On a recent morning, Barba sits in the back room puncturing ink onto a customer’s back.

Harry wants two ninja warriors below his right shoulder blade. The warrior images are from a magazine, which Barba has propped up to use as a guide as she works.

She sits in a padded chair with a leather apron covering her black denims and striped blouse. She wears latex gloves in case the needle accidently draws blood; she always uses sterilized needles. Signs on the wall decree that customers must be 18 or over, as well as sober, before they can get a tattoo.

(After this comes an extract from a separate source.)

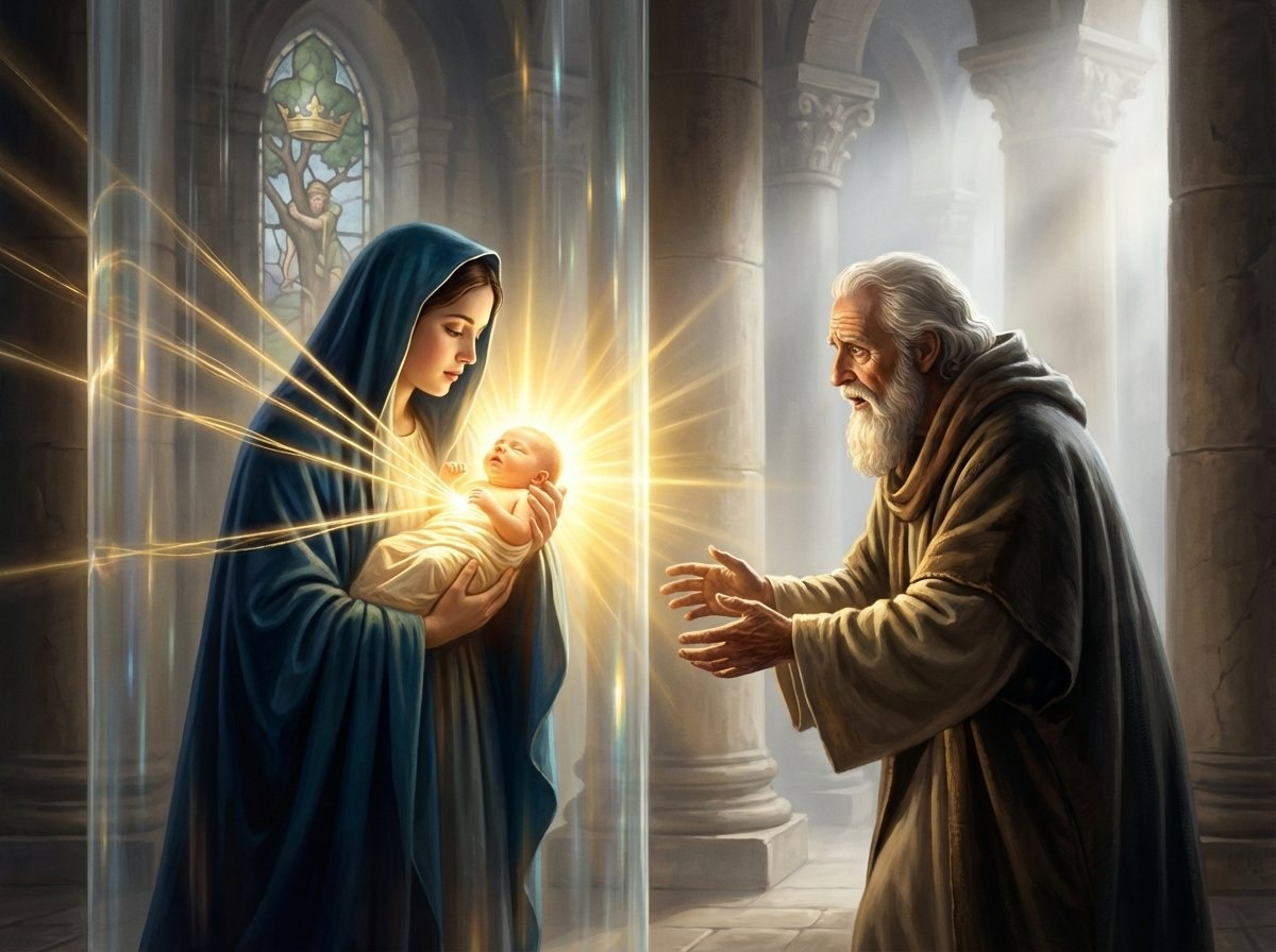 Сретение — событие, в котором впервые после грехопадения явлена полнота единства твари и Творца без малейшего искажения. В чуме каждый умирает в одиночку, в Сретении — Мать и Сын, старец и Младенец, Ветхий и Новый Завет встречаются в едином пространстве храма. Чума — следствие греха Адама, разорвавшего единство; Сретение — начало восстановления этого единства во Христе. Младенец, принесенный в храм, есть Сам Бог; Матерь, принесшая Его, есть чистый человек; и между Ними нет той стены, которую воздвигает грех. Их природа — едина. Их чувствования — одни. Их боль — одна.

A constant buzz from the tattoo machine--much like the sound coming from a busy hive--fills the room. Only Barba breaks the noise with an occasional, “Are you OK?”

Harry mutters “Yes,” and she continues.

Harry already has a number of tattoos on his back, most of them portrayals of women. Most of the faces are crudely drawn and flat, their eyes unfocused and dull. As the first lines of Barba’s etching take shape, there is already a noticeable difference. The warriors are three-dimensional; their eyes piercing into unseen enemies.

“When I do a tattoo, I put myself into the same scene of the warrior, the animal or whatever I’m working on,” Barba said, shadowing the ninja’s shoulders. “Sometimes, the person I’m working on sort of disappears, and I’m all alone with the tattoo. I want to make it come alive.”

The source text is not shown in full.